Friday, February 18, 2011

Old, Good, Pretty

I've been suffering from some mid-winter-no-snow-coming doldrums (something like Carlo's "Denver Doldrums," I suppose) and started dabbling with some older titles recently -- old but good. Initially, I was a little reluctant to write anything about them. Anyways, here goes. On my bedside they are:

The Ghost Writer by Phillip Roth (Vintage, $11.20) -- Remember that TV show 'Ghostwriter,' that aired Saturday mornings on PBS? ? Roth's classic has got little to do with it. So don't ask. More like the precursor to one of Roberto Bolano's tomes, The Ghost Writer is vintage Roth at his best. Full of haunting, sexy women of foreign background, dubious authors, and the comedy of the bedridden, it's right up there with Operation Shylock or Portnoy's Complaint. Just a little more proof that you can't beat Roth for tragi-comedy.


The Country Ahead of Us, The Country Behind by David Guterson (Vintage, $10.40) -- Channeling that other Peninsular bigwig, Raymond Chandler, Guterson gets at the heart and its environments in just a few pages throughout this neat collection of short stories.

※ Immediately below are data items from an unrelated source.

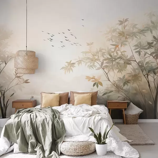 Fototapety Textúrovaná krajina so stromami a kŕdľom vtákov lietajúcich na oblohe, pastelové farby, prírodná scéna Nr. w09418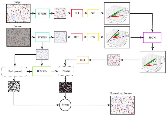 3. Macenko, M.; Niethammer, M.; Marron, J.S.; Borland, D.; Woosley, J.T.; Guan, X.; Schmitt, C.; Thomas, N.E. A method for normalizing histology slides for quantitative analysis. In Proceedings of the 2009 IEEE International Symposium on Biomedical Imaging: From Nano to Macro, Boston, MA, USA, 28 June 2009–1 July 2009; pp. 1107–1110. [Google Scholar]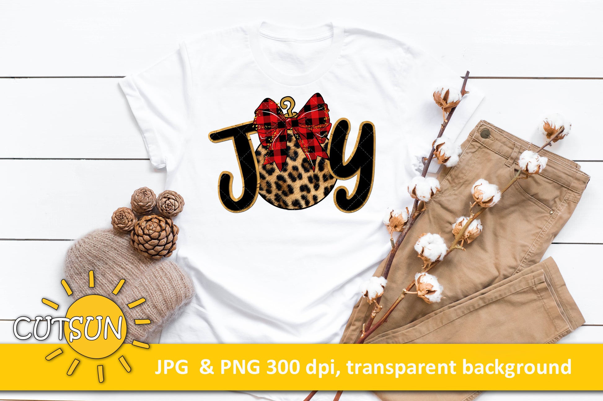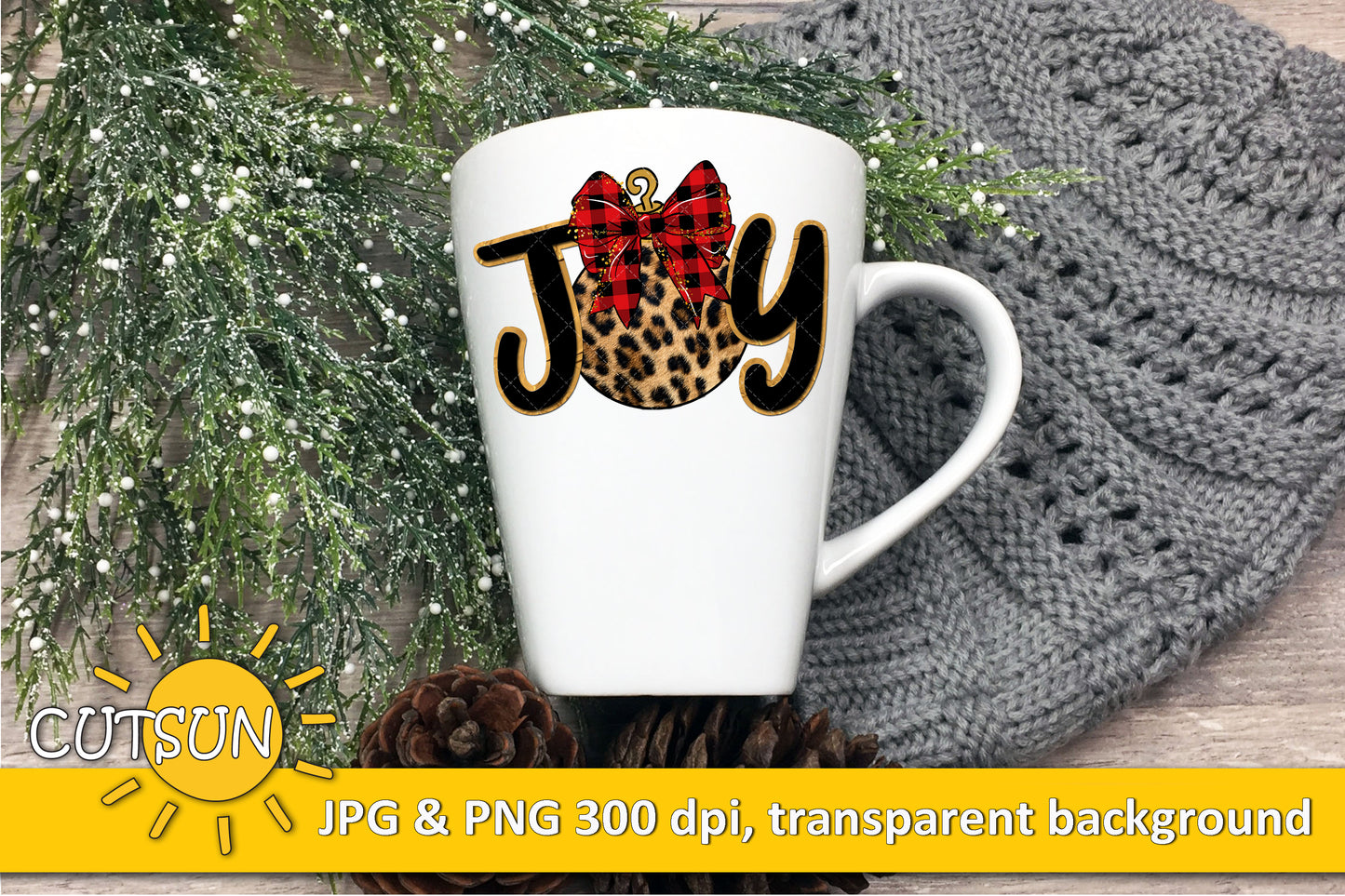 Christmas sublimation design download - Joy in Buffalo plaid and Leopard

Hunting stories, cheating stories, rafting stories -- they are of many kinds but nearly always carried through in such a way that the environments they involve are as pregnant as their characters. Really interesting reading given his later successes. Enjoy!


Waiting by Ha Jin (Vintage, $12.00) -- This National Book Award winner is about love -- and there's plenty of it. The problem is that Lin Kong loves two women: his wife, who's born of his village and chosen by his parents, and his lover, a nurse at his military hospital who understands the waters of the quick-moving world. Between these nodes of past and present, the rural and urban, the individual and society, and the witting and unwitting, Ha Jin works brilliantly (--so far, I'm not done yet!) to cull up as much subtlety as his characters and their allegorical attachments need. As eye-opening as it is well-written. Love it!